--- Records for this task Enclosed Below ---

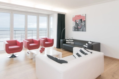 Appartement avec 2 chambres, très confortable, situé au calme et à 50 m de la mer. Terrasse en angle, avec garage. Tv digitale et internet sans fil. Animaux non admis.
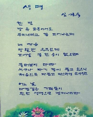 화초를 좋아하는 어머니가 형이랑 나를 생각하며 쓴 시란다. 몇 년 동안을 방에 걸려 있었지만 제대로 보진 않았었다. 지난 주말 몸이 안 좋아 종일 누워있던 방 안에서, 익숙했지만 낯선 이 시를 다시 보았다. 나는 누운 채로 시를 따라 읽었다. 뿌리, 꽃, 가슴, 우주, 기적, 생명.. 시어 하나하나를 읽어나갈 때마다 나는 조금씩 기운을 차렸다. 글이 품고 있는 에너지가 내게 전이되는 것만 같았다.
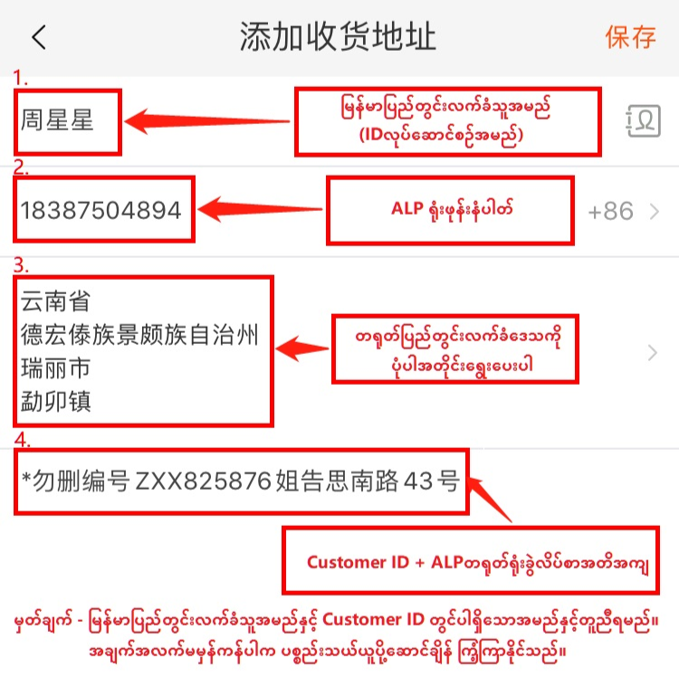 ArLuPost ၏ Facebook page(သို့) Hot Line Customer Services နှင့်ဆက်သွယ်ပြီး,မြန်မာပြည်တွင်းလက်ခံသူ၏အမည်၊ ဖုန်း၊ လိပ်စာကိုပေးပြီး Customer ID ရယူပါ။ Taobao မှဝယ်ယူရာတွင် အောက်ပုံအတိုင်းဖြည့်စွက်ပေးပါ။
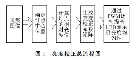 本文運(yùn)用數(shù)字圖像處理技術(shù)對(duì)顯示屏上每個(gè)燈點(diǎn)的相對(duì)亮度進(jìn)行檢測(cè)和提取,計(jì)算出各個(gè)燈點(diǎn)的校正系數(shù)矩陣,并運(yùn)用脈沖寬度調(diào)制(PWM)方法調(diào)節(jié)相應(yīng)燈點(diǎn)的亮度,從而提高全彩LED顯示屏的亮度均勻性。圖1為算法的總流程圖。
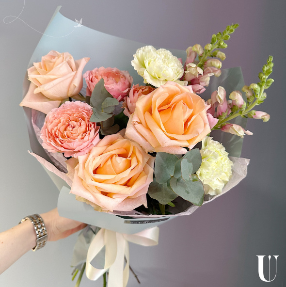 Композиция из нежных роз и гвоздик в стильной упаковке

--- End of Enclosed Records for this task ---
--- Records for this task Enclosed Below ---

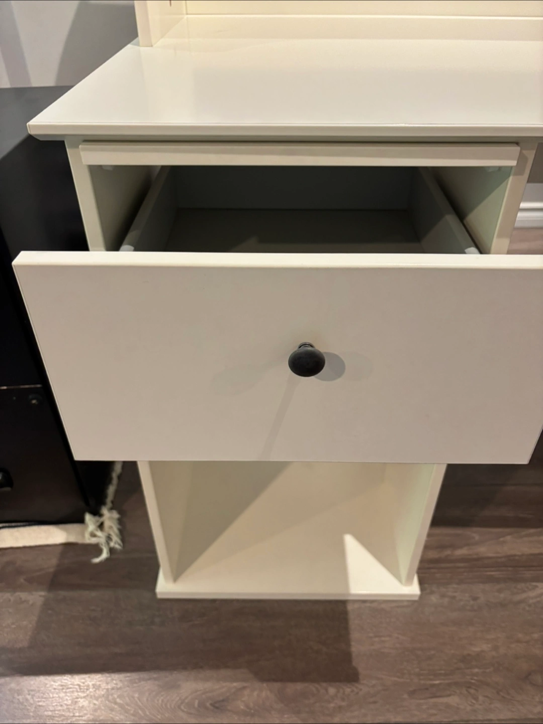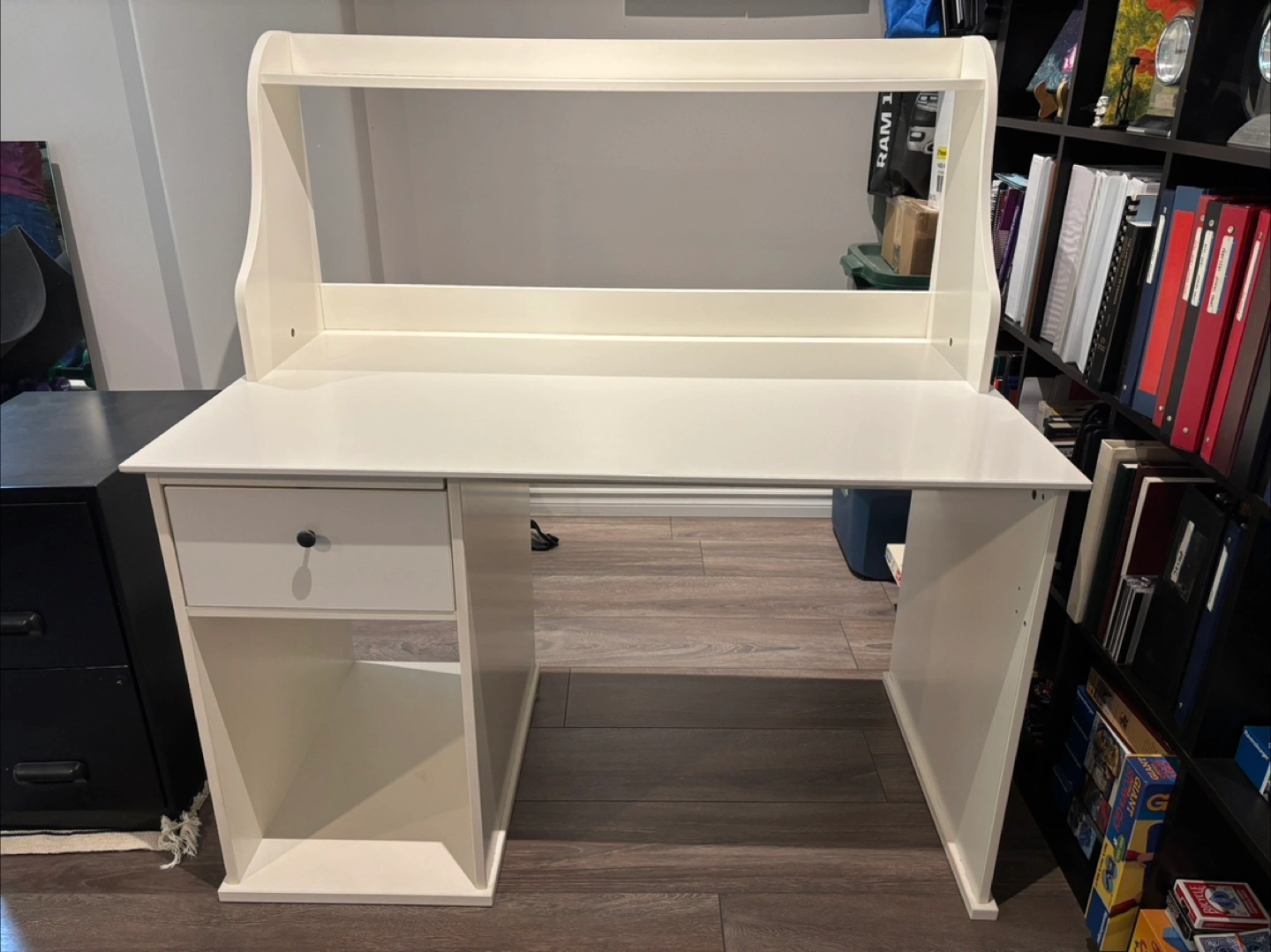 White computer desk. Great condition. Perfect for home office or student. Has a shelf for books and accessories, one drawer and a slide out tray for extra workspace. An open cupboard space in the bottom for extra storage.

--- End of Enclosed Records for this task ---

Task to complete: How would the lines above read from the one with "本文運(yùn)用數(shù" to the one with "Композиция из нежных", inclusive, with no pictures? Write them out exactly.

Completed task:
 本文運(yùn)用數(shù)字圖像處理技術(shù)對(duì)顯示屏上每個(gè)燈點(diǎn)的相對(duì)亮度進(jìn)行檢測(cè)和提取,計(jì)算出各個(gè)燈點(diǎn)的校正系數(shù)矩陣,并運(yùn)用脈沖寬度調(diào)制(PWM)方法調(diào)節(jié)相應(yīng)燈點(diǎn)的亮度,從而提高全彩LED顯示屏的亮度均勻性。圖1為算法的總流程圖。
 Композиция из нежных роз и гвоздик в стильной упаковке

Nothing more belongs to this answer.